■ Assignment ■
Return the lines below exactly, please, from the one containing "A total of 35" through the last one, both included, and leave out any pictures.

■ Dataset excerpt ■
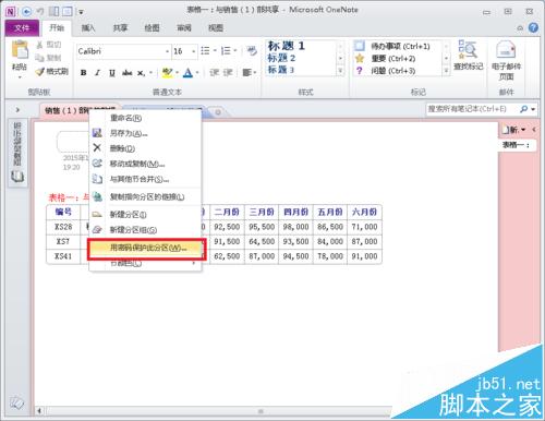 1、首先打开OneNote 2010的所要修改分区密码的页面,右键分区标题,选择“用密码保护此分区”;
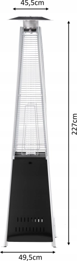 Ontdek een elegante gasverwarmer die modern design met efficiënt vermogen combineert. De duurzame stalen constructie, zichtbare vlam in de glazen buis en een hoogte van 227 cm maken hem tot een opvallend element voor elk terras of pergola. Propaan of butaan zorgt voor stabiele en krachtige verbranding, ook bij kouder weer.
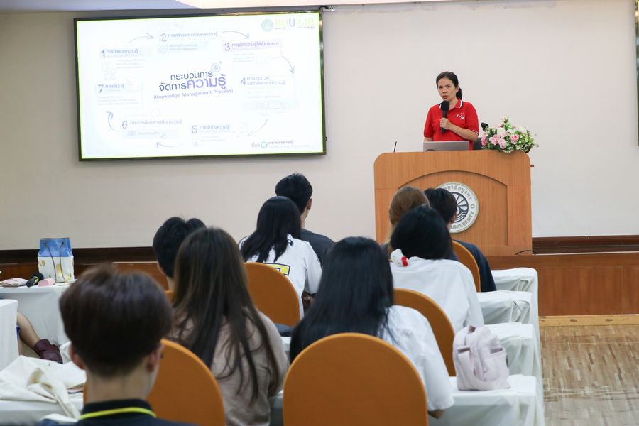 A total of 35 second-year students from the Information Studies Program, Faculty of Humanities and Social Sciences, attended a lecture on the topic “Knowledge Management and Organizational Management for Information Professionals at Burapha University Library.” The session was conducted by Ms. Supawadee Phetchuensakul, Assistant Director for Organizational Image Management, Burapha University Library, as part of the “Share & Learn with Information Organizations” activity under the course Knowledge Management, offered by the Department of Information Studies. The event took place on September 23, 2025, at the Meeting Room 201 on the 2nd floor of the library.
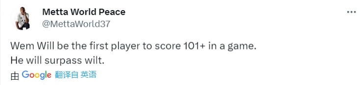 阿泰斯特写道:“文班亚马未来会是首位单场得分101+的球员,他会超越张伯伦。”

■ Answer section ■
 A total of 35 second-year students from the Information Studies Program, Faculty of Humanities and Social Sciences, attended a lecture on the topic “Knowledge Management and Organizational Management for Information Professionals at Burapha University Library.” The session was conducted by Ms. Supawadee Phetchuensakul, Assistant Director for Organizational Image Management, Burapha University Library, as part of the “Share & Learn with Information Organizations” activity under the course Knowledge Management, offered by the Department of Information Studies. The event took place on September 23, 2025, at the Meeting Room 201 on the 2nd floor of the library.
 阿泰斯特写道:“文班亚马未来会是首位单场得分101+的球员,他会超越张伯伦。”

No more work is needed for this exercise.